All of that is gone now. Allison’s quietly trailing-off admission of “I had something to hope for. Now I try to picture anything good, and …” is a heartbreaking moment, but Kevin Can F**k Himself doesn’t let Allison wallow for long. She goes on a bender. She basically tells Patty she was an asshole for not having divulged Kevin’s betrayal sooner. And that fantasy sequence in which she stabs Kevin in the neck is pretty declarative, isn’t it? “I’m not sorry,” Allison says earlier to Marcus, and I think her days of self-pity and acquiescence are over. “Miss Hercules” is not messing around, and that broken glass handle in her surplus-jacket pocket sure seems like a Chekhov move to me.
• Thank you for joining me on this ride through Kevin Can F**k Himself! These recaps will be tied to the AMC+ streaming premiere dates for this first season. Each of the eight episodes airs a week later on AMC TV, starting June 20.
• This episode is dedicated to filmmaker, director, and writer Lynn Shelton,. If you haven’t watched her films before, Your Sister’s Sister and Laggies (both on Showtime) are particularly good.

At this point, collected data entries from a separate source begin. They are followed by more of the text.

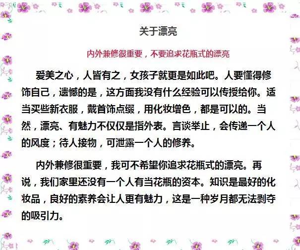 今天,与各位家长分享一篇来自江西财经大学人文学院吴辉副教授在女儿即将读大学时提出的9条忠告,字字句句使人深思,,真真切切的道出了无数父亲的心声,这篇文章获得了无数家长的盛赞。希望家长们耐心看完,在教育孩子的道路上,每一对父母都是不完美的,都是在不断的自我完善当中,学习借鉴人家良好的教子经验未尝不是一件有意义的事呢?
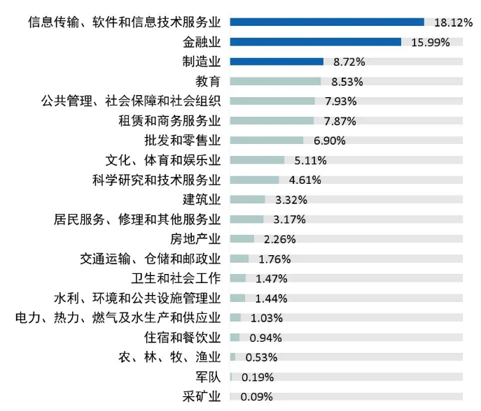 2020届毕业生就业行业集中,位列前三的是“信息传输、软件和信息技术服务业”(占比18.12%)、“金融业”(占比15.99%)、“制造业”(占比8.72%),学校办学与市场需求契合度高。
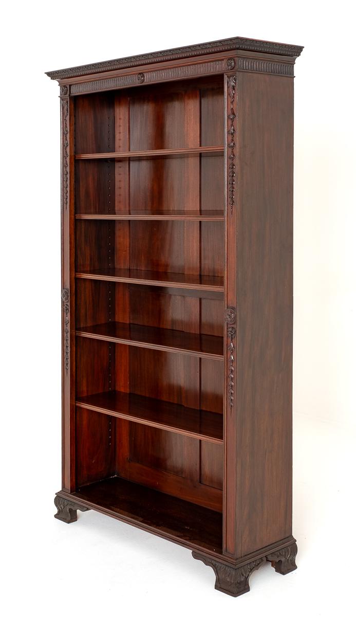 Impressive Mahogany Carved Open Bookcase
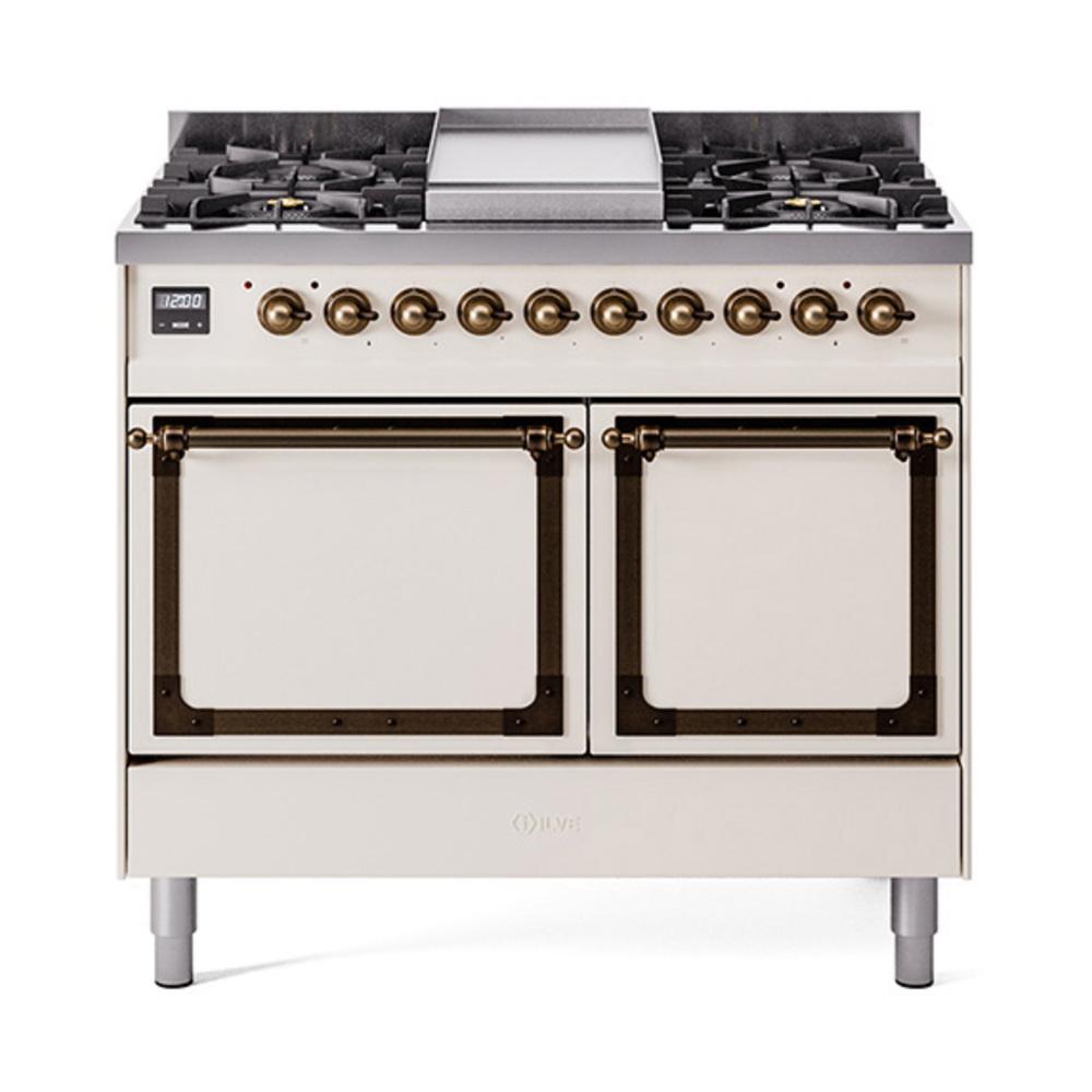 Ilve UND40FQNMPAWB Ilve Und40Fqnmpawb Nostalgie Ii Noblesse 40" Dual Fuel Range (Natural Gas, Solid Door, Antique White, Burnished)

• Every pop-culture product set in Massachusetts is contractually obligated to include a dig against the New York Yankees and praise for the New England Patriots, but what if you hate both? Asking for a friend, who is me.
• Related: Of course, the Dropkick Murphys’ “I’m Shipping Up to Boston” is Allison’s ringtone. Of course.
• If you watchedearlier this summer, you may think Kevin Can F**k Himself is repetitive in its use of the sitcom format. But I think there’s something fundamentally different here in how Armstrong views the sitcom as an end result of a culture comfortable with making entertainment out of misogyny, compared with how WandaVision uses the half-hour comedy as first an escape and then an indicator of the ways we protect ourselves from trauma — not the same thing, even if the ’50s- and ’60s-style day dress that Murphy fantasizes here bears some similarity to the outfits Elizabeth Olsen wears in some of the early WandaVision episodes.
• The worst thing Kevin does in this episode: shrug off Allison’s bloody hand injury by saying, “It doesn’t mean you get to be moody; you already used this excuse once this month.” The worst thing we learn Kevin has done before this episode: holding a grudge against the mail carrier and getting her deported!
• “Pretending things will change is how they sell washing machines” is a very Don Draper–esque line, isn’t it? I thought immediately of “What you call love was invented by guys like me to sell nylons.”
• Murphy’s “I’m just so tired” may be my favorite line delivery from her this premiere — so exhausted and so relatable.